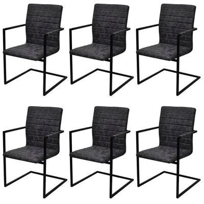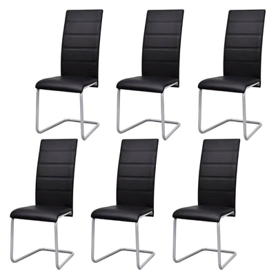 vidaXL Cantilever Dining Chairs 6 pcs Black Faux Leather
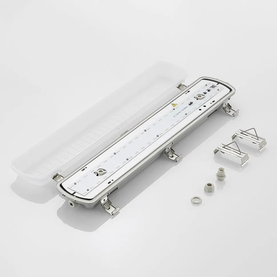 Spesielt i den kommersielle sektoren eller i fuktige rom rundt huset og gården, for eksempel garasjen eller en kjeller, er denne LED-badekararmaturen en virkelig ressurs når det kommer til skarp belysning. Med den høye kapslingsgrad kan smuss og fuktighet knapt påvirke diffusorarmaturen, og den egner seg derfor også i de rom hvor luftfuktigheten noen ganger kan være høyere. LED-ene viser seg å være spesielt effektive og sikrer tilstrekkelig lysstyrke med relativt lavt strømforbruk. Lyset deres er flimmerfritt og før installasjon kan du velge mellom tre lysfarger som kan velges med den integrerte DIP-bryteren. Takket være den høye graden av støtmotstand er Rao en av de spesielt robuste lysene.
────────────────
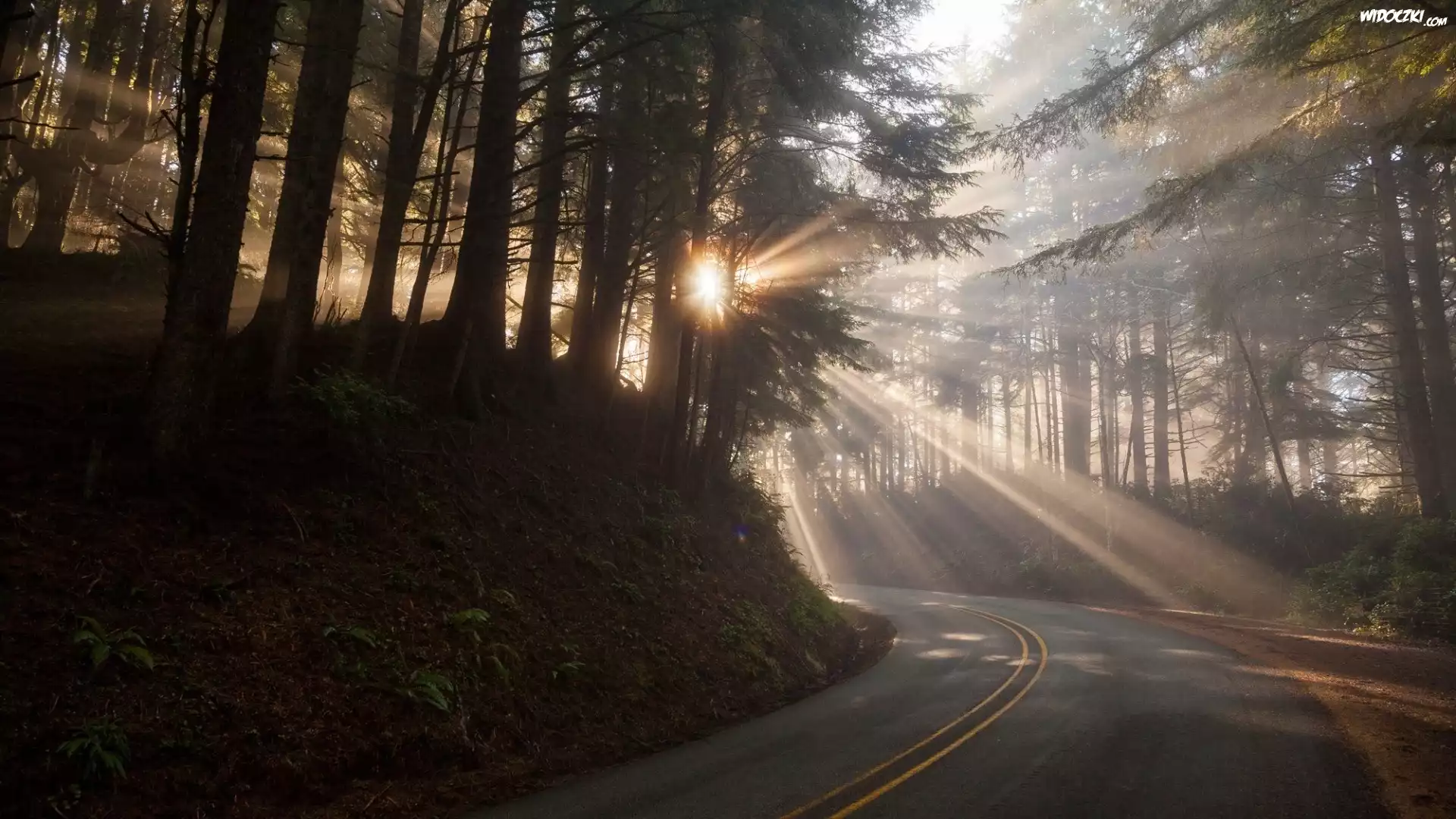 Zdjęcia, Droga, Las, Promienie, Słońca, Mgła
────────────────
TASK TO CARRY OUT. Where a picture appears in the records above, omit it, and transcribe exactly the stretch of lines from the one with "vidaXL Cantilever Dining" through the one with "Spesielt i den".

SOLUTION TO THE EXERCISE.
 vidaXL Cantilever Dining Chairs 6 pcs Black Faux Leather
 Spesielt i den kommersielle sektoren eller i fuktige rom rundt huset og gården, for eksempel garasjen eller en kjeller, er denne LED-badekararmaturen en virkelig ressurs når det kommer til skarp belysning. Med den høye kapslingsgrad kan smuss og fuktighet knapt påvirke diffusorarmaturen, og den egner seg derfor også i de rom hvor luftfuktigheten noen ganger kan være høyere. LED-ene viser seg å være spesielt effektive og sikrer tilstrekkelig lysstyrke med relativt lavt strømforbruk. Lyset deres er flimmerfritt og før installasjon kan du velge mellom tre lysfarger som kan velges med den integrerte DIP-bryteren. Takket være den høye graden av støtmotstand er Rao en av de spesielt robuste lysene.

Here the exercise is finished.